- **Information shown**:
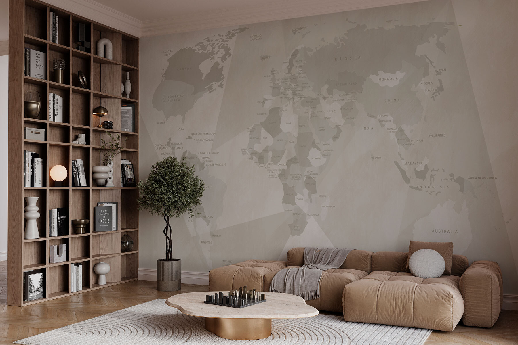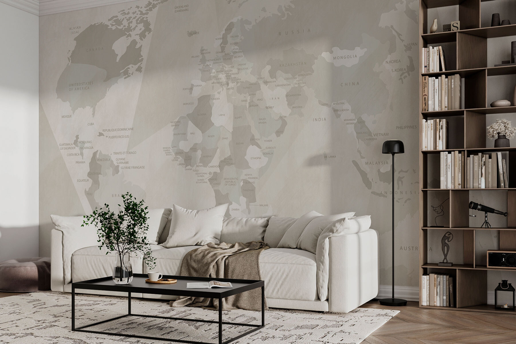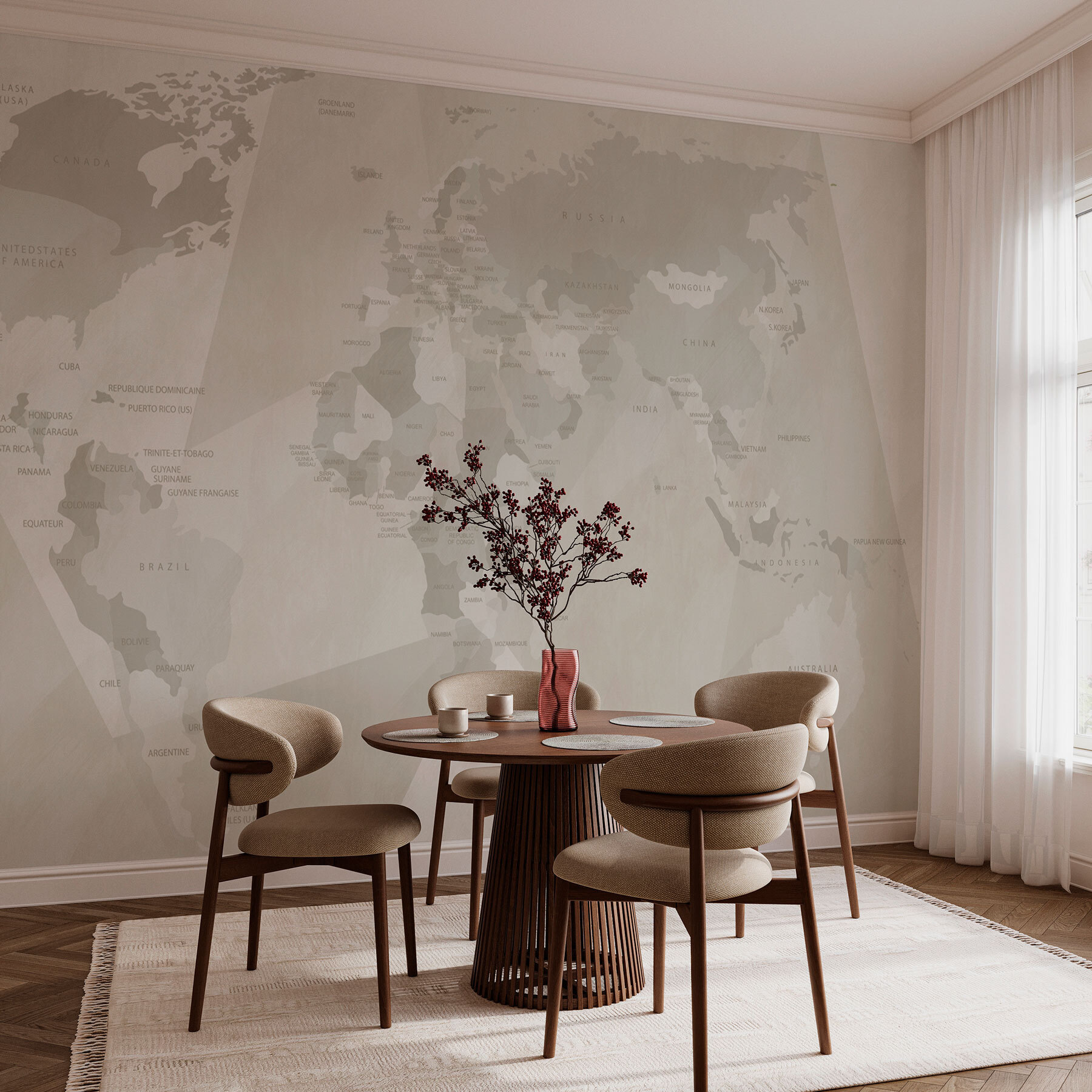 Transforma cualquier habitación en un paraíso para los trotamundos con el «Mural de pared Mapa del mundo». Imagínate tomando un café en tu salón y allí está: un atractivo mapa del mundo esperando a despertar tu pasión por los viajes. La suave paleta de colores combina a la perfección con cualquier decoración, aportando un toque fresco y clásico a la vez.
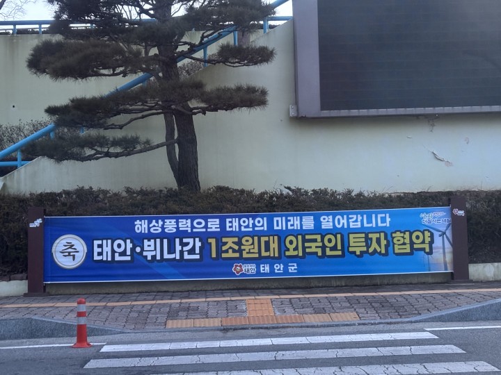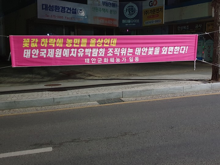 [지역업체 도외시하는 태안군국제치유발람회 조직위 규탄 현수막]
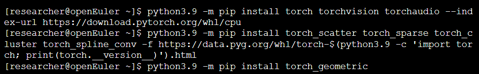 python3.9 -m pip install torch torchvision torchaudio --index-url https://download.pytorch.org/whl/cpu python3.9 -m pip install torch_scatter torch_sparse torch_cluster torch_spline_conv -f https://data.pyg.org/whl/torch-$(python3.9 -c 'import torch; print(torch.version)').html python3.9 -m pip install torch_geometric
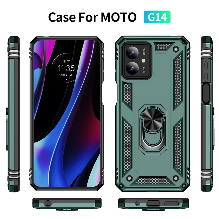 Funda para Motorola Moto G14 TPU + PC a Prueba de Golpes con Soporte (Verde Oscuro)
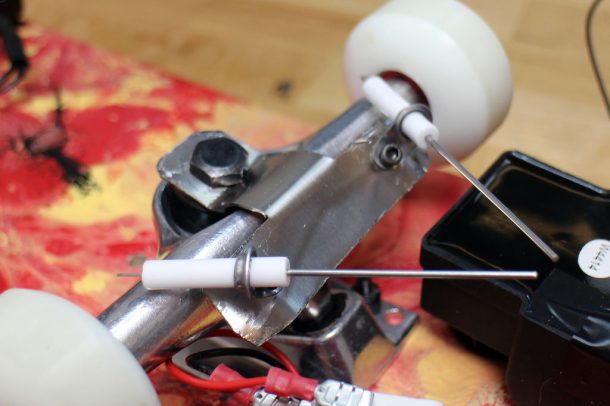 点火器有两个电极,距离足够近,电流可以在两个电极之间跳动。你可以把它们固定在板的下面,足够接近地面,它可以点燃燃料,在金属支架的帮助下。
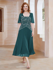 • Elevate your elegance in this Square Neckline Beaded Chiffon A-line Dress. The chic square neckline and tea-length design make it a sophisticated choice. Adorned with delicate beading, it combines style and grace for a refined look, perfect for various special occasions.
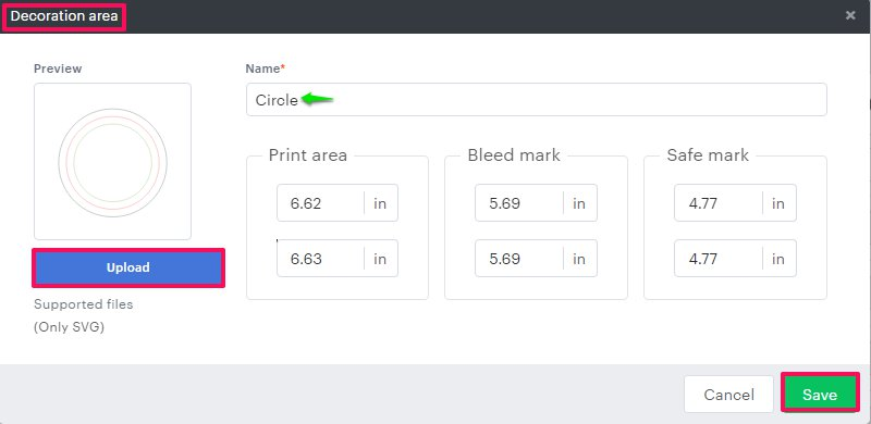 Steps to Upload Custom Shape Decoration Area with Bleed Mark
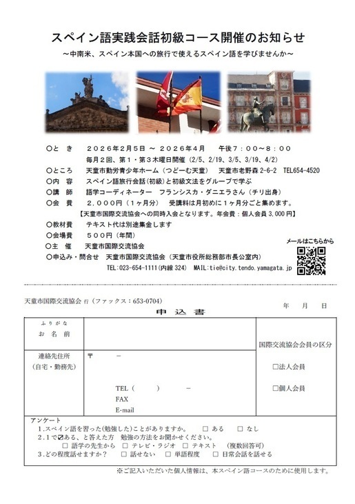 2026年2月から4月までの3か月間の予定で、スペイン語実践会話初級コースを開催します
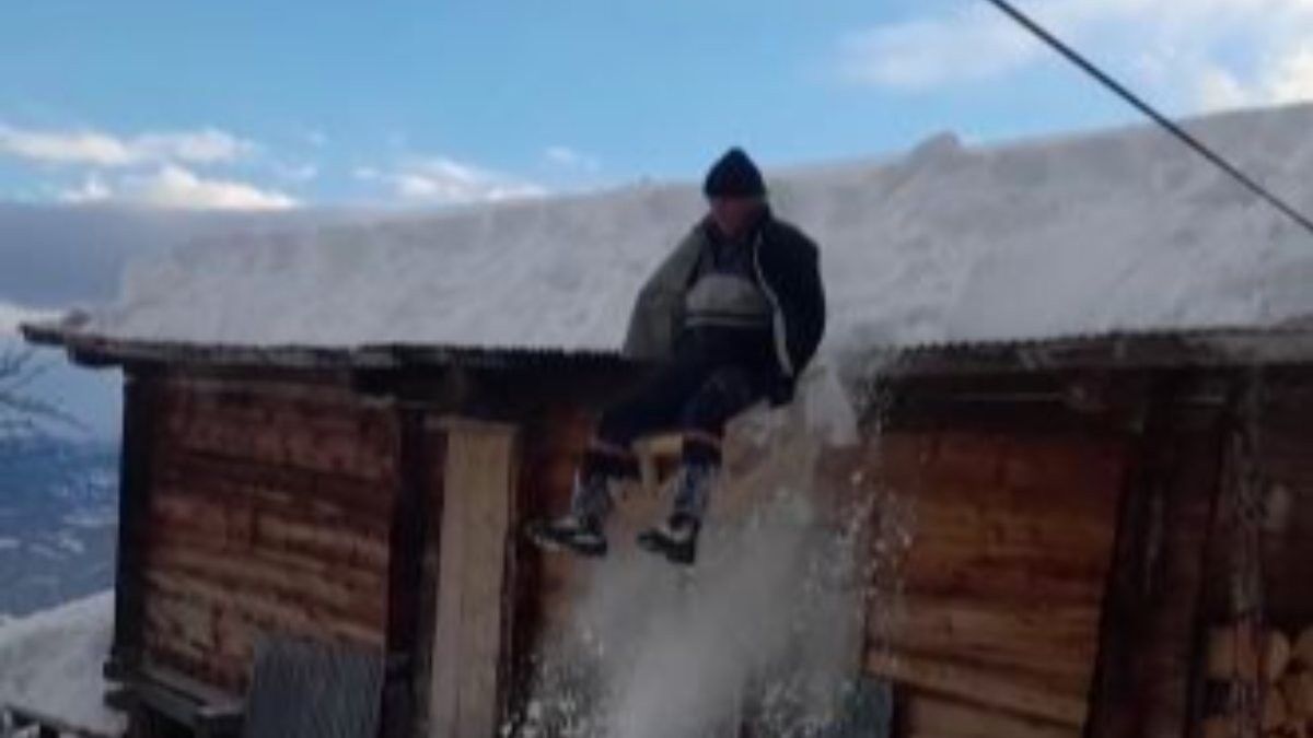 Tahta kızaklarını alan dede ve torunu, yolda kaymak yerine evin çatısına çıkarak eğlenmeyi tercih etti.

- **Task description**: Beginning with the line that contains "various special occasions." and ending with the final line of the listing, return each line exactly. Omit all pictures.

- **Answer to the exercise**:
 • Elevate your elegance in this Square Neckline Beaded Chiffon A-line Dress. The chic square neckline and tea-length design make it a sophisticated choice. Adorned with delicate beading, it combines style and grace for a refined look, perfect for various special occasions.
 Steps to Upload Custom Shape Decoration Area with Bleed Mark
 2026年2月から4月までの3か月間の予定で、スペイン語実践会話初級コースを開催します
 Tahta kızaklarını alan dede ve torunu, yolda kaymak yerine evin çatısına çıkarak eğlenmeyi tercih etti.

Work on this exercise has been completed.